The big picture is clear. “We can’t afford to find ourselves on CNN.”
Rubber Hits Dirt
So how did things actually go, racing and otherwise?
Factory Indian Motorcycle’s six-time champion Jared Mees seemed unfazed by the protocol. “Frankly, I think it was fine. Wearing a mask is not ideal, to be honest, but we gotta do what we gotta do to get back to racing.”
To hear him tell it, the unwanted time off neither hurt nor helped. “I wouldn’t say either, really. I was ready for the season opener in March, and I was ready for Volusia. Either way, whether it be team preparation or my fitness training, we are always ready.”
Mees will have to work twice as hard over half the time to stay dominant. “The longer races are both mentally and physically challenging. As time goes on, I think the physical part will be more of a factor.”
From the Singles scene, Henry Wiles, RMR/American Honda’s newly minted rider, was unhappy about the extended layoff. “It hurt due to the time off and that time away just put me out of my rhythm.”
Wiles managed a third place in Friday’s main, and unlike Mees, he thinks the new 12+2 doubleheader format won’t change much. Will it shake up the leaderboard? “No, it won’t” is the short take.
That’s both good and bad. RMR/American Honda came within six points of winning the ’19 Singles championship with Mikey Rush. Richie Morris, the “RM” in RMR/American Honda, likes podiums but loves championships.
Fandom & Pandemics
The obvious other question is how this affected fans. In an odd way, they’ve adopted (maybe adapted to?) an element of danger, just like the riders they came to watch. The closer fans sit together, the greater the risk. Just like the handlebars clanging on the track, really.

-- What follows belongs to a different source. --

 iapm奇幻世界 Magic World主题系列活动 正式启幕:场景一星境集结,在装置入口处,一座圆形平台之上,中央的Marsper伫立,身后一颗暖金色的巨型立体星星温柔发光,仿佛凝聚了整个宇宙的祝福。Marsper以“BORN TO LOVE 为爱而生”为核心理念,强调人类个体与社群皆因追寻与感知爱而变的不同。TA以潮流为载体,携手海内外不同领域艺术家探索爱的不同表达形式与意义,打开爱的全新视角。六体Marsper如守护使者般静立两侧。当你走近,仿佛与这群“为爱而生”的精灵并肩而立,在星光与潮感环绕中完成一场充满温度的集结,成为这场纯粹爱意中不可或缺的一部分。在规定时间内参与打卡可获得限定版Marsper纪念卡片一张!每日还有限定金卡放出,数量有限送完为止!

A cursory review of track action shows a decent amount of social distancing in the stands, a good amount of masks in the paddock (careful, Mr. Lock is watching), and a conspicuous show of hygiene and protocol-following. The Honda Talon four-wheeler they use to terrify lucky guest riders on track during intermission saw lots of aerosol disinfectant between rides. Diapers might come in handier.
Afterward, Lock was upbeat and called the Volusia Half-Mile I and II a success. “I was pleasantly surprised with how quickly everyone adhered to the new protocols for distancing and use of PPE. Ultimately, everyone knows that our ability to do future races depends on this.”

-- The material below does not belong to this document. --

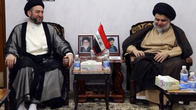 Iraqi Shiite Muslim leader and head of Hikma party Ammar al-Hakim (L) and Shiite cleric Moqtada Sadr meet in the Iraqi holy city of Najaf on May 17, 2018. Iran and its allies were mustering a bid to limit the role of fiery Shiite cleric Moqtada Sadr in Iraq's next government after his shock election win reshaped the country's political landscape. (Haidar HAMDANI / AFP)

While some see risk, others see managed risk. The pandemic may still be peaking in Florida, but given the chance to salvage the 2020 season, AFT will try. Although NBCSN’s contract and coverage is growing the sport, AFT relies on good old-fashioned gate receipts to survive. No fans in stands means no money. If it can produce an exciting season without ending up on CNN, true to its nature, it’ll try.
There are potential pitfalls in this approach, but AFT is rolling the dice. It’s not betting the house, but 14 days will tell if it’s playing with house money or not. If it succeeds, it’ll be one up on Major League Baseball—actual fans at a sporting event.
At the time of this writing, AFT reportedly has no interest in cutout fans. Take that, baseball.